(Task to complete) Lines from the one containing "1- After using toilet" through the end of the material are to be retyped exactly; do not copy pictures.

(Entries shown)
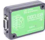
DSC-USB USB Signal Digitiser
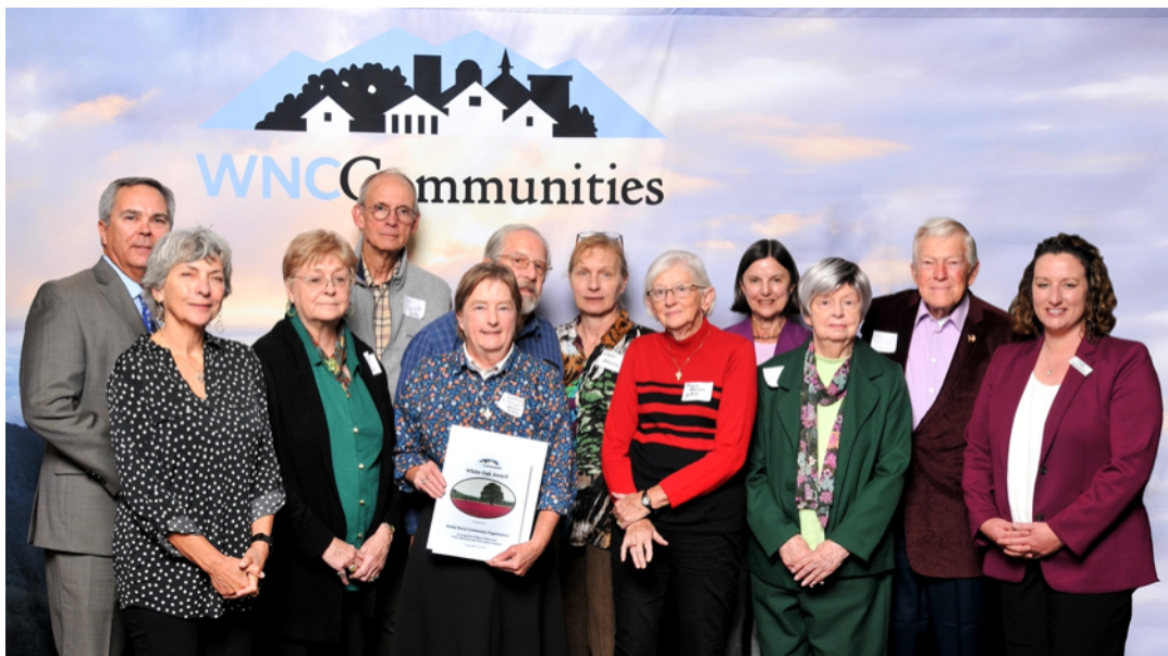
BRCO wins the White Oak Best in Class Award at the 74th Annual WNC Honors Awards.
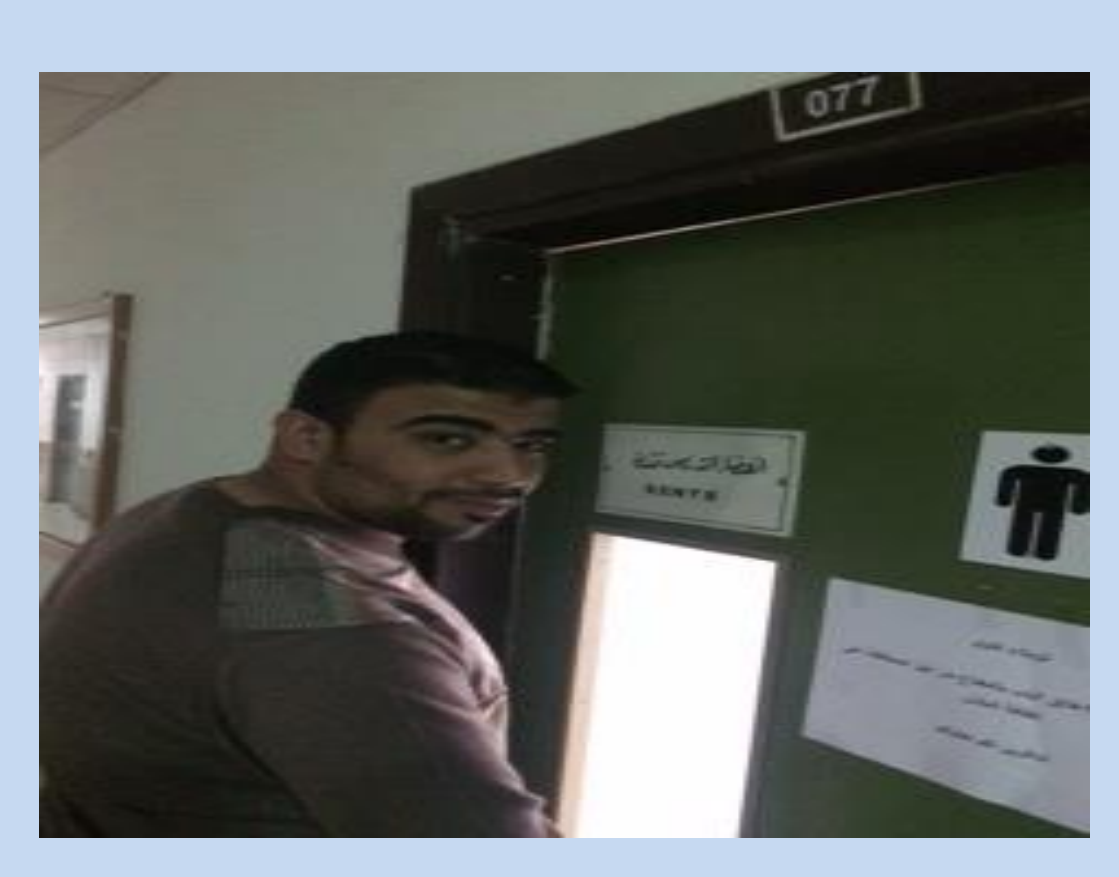
1- After using toilet

The correct hand washing procedure is essential to prevent contaminating food and reduces the risk of germ spreading. Always use warm water (35-45°C), liquid soap and disposable paper towels. Food handler must wash hands regularly through the working day. Always wash your hands in the following cases:
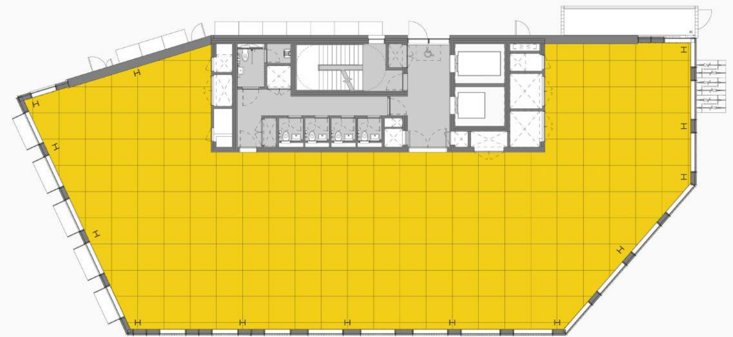
BUILDING B SECOND FLOOR

(Output below)
1- After using toilet

The correct hand washing procedure is essential to prevent contaminating food and reduces the risk of germ spreading. Always use warm water (35-45°C), liquid soap and disposable paper towels. Food handler must wash hands regularly through the working day. Always wash your hands in the following cases:
BUILDING B SECOND FLOOR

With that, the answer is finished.